> **Problem description**
Retype word for word the stretch of entries below from the line that has "Ouverture de l'urne" through the line that has "Lei que já beneficia", and omit the pictures.

(Stored data)
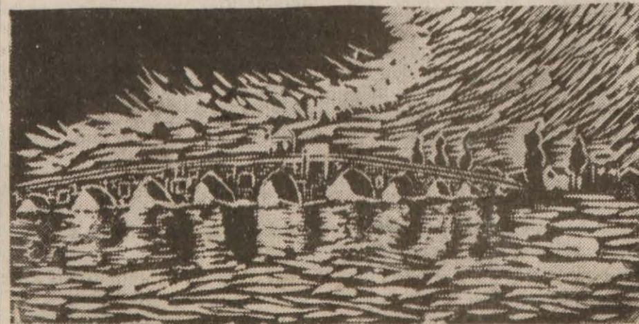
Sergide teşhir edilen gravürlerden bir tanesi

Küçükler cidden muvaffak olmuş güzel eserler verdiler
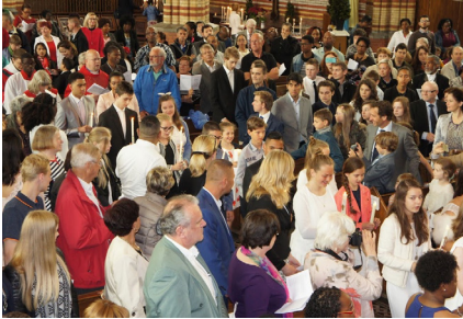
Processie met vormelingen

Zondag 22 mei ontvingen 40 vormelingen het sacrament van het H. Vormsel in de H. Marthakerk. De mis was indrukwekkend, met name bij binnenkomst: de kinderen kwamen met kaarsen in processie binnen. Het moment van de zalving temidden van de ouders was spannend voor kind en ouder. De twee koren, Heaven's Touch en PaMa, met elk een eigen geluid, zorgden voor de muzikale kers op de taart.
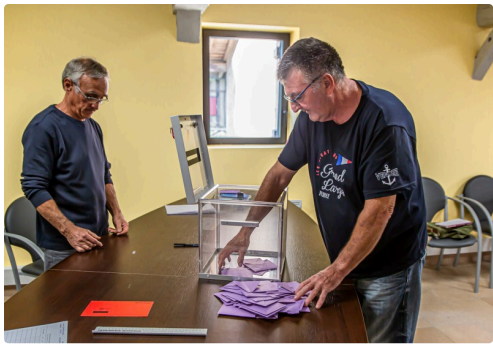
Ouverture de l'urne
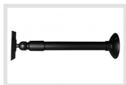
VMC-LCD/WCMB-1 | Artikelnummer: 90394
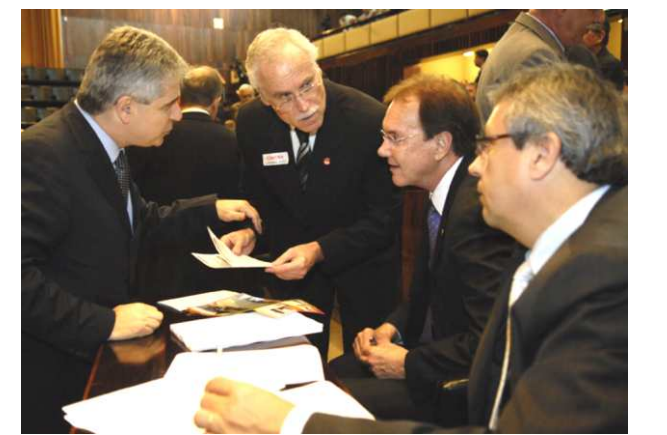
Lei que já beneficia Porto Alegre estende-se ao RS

==

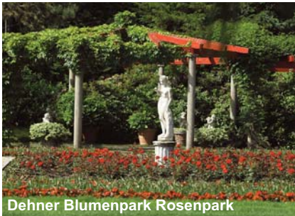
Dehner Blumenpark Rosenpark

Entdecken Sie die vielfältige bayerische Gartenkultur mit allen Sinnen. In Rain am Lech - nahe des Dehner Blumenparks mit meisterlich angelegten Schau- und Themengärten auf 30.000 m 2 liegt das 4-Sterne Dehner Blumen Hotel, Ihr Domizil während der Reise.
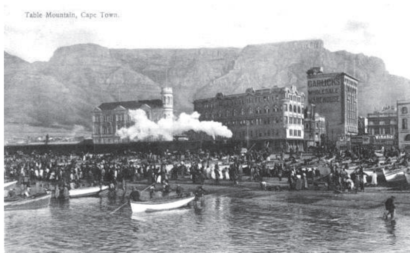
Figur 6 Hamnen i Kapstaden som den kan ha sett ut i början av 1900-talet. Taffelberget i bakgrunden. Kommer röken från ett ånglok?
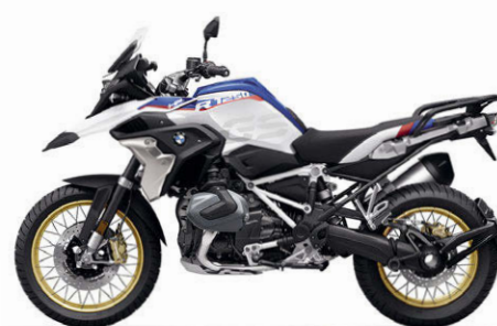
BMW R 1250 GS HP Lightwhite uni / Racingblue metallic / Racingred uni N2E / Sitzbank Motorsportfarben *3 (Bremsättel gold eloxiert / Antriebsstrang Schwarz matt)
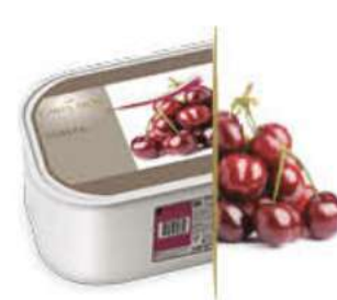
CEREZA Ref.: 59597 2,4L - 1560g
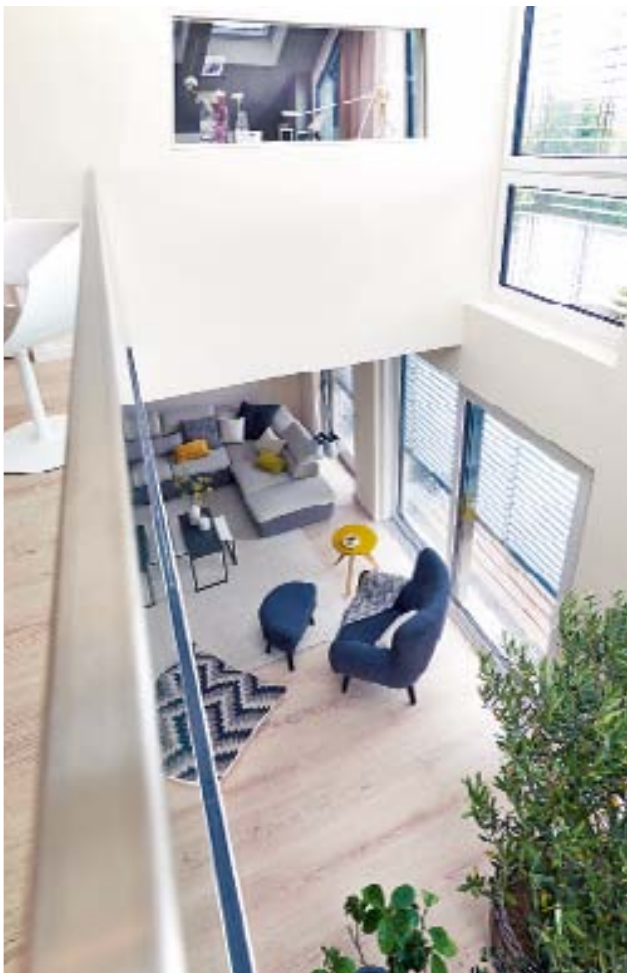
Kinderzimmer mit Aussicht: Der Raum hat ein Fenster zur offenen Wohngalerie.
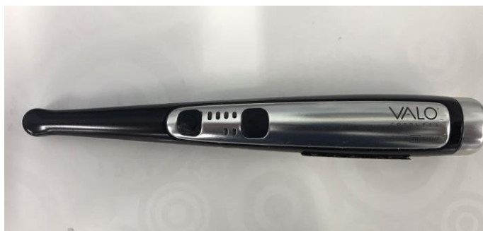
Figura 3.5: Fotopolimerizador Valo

> **Finished exercise**
Ouverture de l'urne
VMC-LCD/WCMB-1 | Artikelnummer: 90394
Lei que já beneficia Porto Alegre estende-se ao RS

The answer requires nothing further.